Defects and Phase Transformation in Hybrid Perovskites Revealed by Low-dose Transmission Electron Microscopy

Abstract

Organic-inorganic hybrid perovskites have become exciting candidates for use in next-generation solar cells. Further optimizing perovskite materials requires better understanding on the nature of intrinsic defects and their impacts on solar-cell performance. Using low-dose transmission electron microscopy (TEM), we have successfully unravelled the intrinsic defect structure including twinning boundaries in MAPbI3 and stacking faults in FAPbI3. The origin of these defects can be understood based on the stability of perovskite structure described by the Goldschmidt’s tolerance factor. This understanding further guides us to develop a defect-engineering strategy via tailoring MA/FA ratio in MA1-xFAxPbI3 to tune the tolerance factor, which further leads to controlled defect type and density. Measured performance on such defect-engineered sample series revealed the detrimental effect of defects on charge carrier lifetime, open-circuit voltage, and current-voltage hysteresis. In addition, we also applied scanning TEM to unravel the hexagonal-to-cubic phase transition mechanism in FAPbI3.


Prof. Mingjie LI

Associate Professor,
Department of Physics and Materials

Chiral Perovskite Superlattices: From Chiral Superfluorescence to Spintronics

Abstract

Achieving room-temperature chiral superfluorescence—a collective quantum phenomenon where disordered dipoles spontaneously synchronize into a coherent, circularly polarized giant dipole—has remained an elusive goal due to rapid dephasing and weak spin-photon coupling. In this talk, I will present how we have realized this phenomenon in vertically aligned chiral perovskite superlattices. This unique architecture facilitates the spontaneous emergence of ultrafast, coherent light bursts from the edge states with a high degree of circular polarization and long dephasing lifetime, establishing a new frontier in chiral quantum optics.

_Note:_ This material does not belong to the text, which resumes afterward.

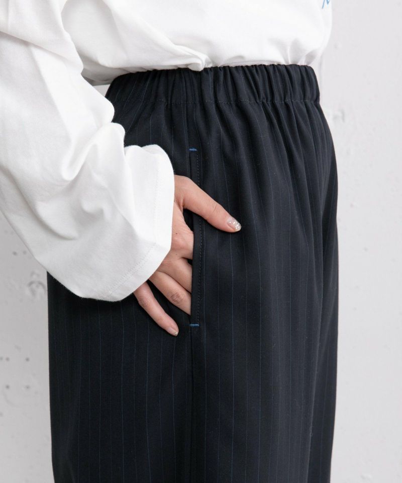 きれいめ素材で仕立てたPOU DOU DOUらしいスカラップディテールのパンツ。ニットや冬素材のトップス合わせも野暮ったくなりません。ウエストはぐるりゴムの仕様で楽な履き心地です。ひもでサイズ感の調整も可能。両サイドポケット付き。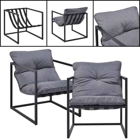 In And OutdoorMatch Tuinset Retta - 4-delig - Loungeset - Donkergrijs en Zwart - Staal, Glas en Stof - Stijlvolle uitstraling

Remarkably, these same superlattices also overcome the classic trade-off between chirality and charge transport, enabling a new paradigm for room-temperature spintronics. The unique structural alignment yields a giant chirality-induced spin selectivity effect, producing a highly spin-polarized current with a long spin lifetime. We leverage this robust spin control to demonstrate functional devices, including spin-valves with significant magnetoresistance and neuromorphic computing systems. By bridging the worlds of cooperative quantum light emission and practical spin manipulation, our work establishes chiral perovskite superlattices as a versatile and foundational platform for novel quantum and information technologies.


Prof. Kai LENG

Assistant Dean, Faculty of Science & Associate Professor,
Department of Physics and Materials

Low Dimensional Hybrid Perovskites: Large-Scale Growth and Emerging Applications

Abstract

Low-dimensional organic-inorganic hybrid perovskites (HOIPs) have emerged as a unique class of quantum materials that integrate the structural tunability of organic molecules and inorganic quantum wells. Their hybrid nature enables the design of diverse electronic, optical, ferroic, and spin-related functionalities, offering exciting opportunities for next-generation optoelectronics, spintronics, and neuromorphic computing.

In this talk, I will present our recent advances in the large-scale growth of high-quality 2D HOIP films through 2D melt growth and organic molecular beam epitaxy (OMBE), enabling wafer-scale synthesis with precise control over thickness, crystallinity, and orientation. I will then highlight emerging device applications, including neuromorphic ferroelectric transistors and efficient charge-to-spin conversion devices. Finally, I will discuss how reducing HOIPs to the monolayer limit unlocks distinct physical properties, enhanced device performance, and emergent quantum functionalities that are inaccessible in their bulk counterparts.

Prof. Songhua CAI

Assistant Professor,
Department of Physics and Materials

Low-dose Scanning Transmission Electron Microscopy (STEM) Characterizations of Halide Perovskite Photovoltaics

Abstract

The long-term stability of halide perovskite (HP) solar cells (PSCs) remains a critical hurdle, making it essential to get a thorough understanding of the microstructural underpinnings of HP degradation. We developed a protective strategy coupled with optimized low-dose scanning transmission electron microscopy (STEM) imaging, allowed us to unveil atomic-scale features within PSCs, including compositional and twin boundaries, stacking faults, and nanoscale impurities such as PbI2 and non-PbI2 nanoclusters. Guided by these insights, we developed targeted passivation strategies, effectively reducing nanoclusters density and enhancing device performance.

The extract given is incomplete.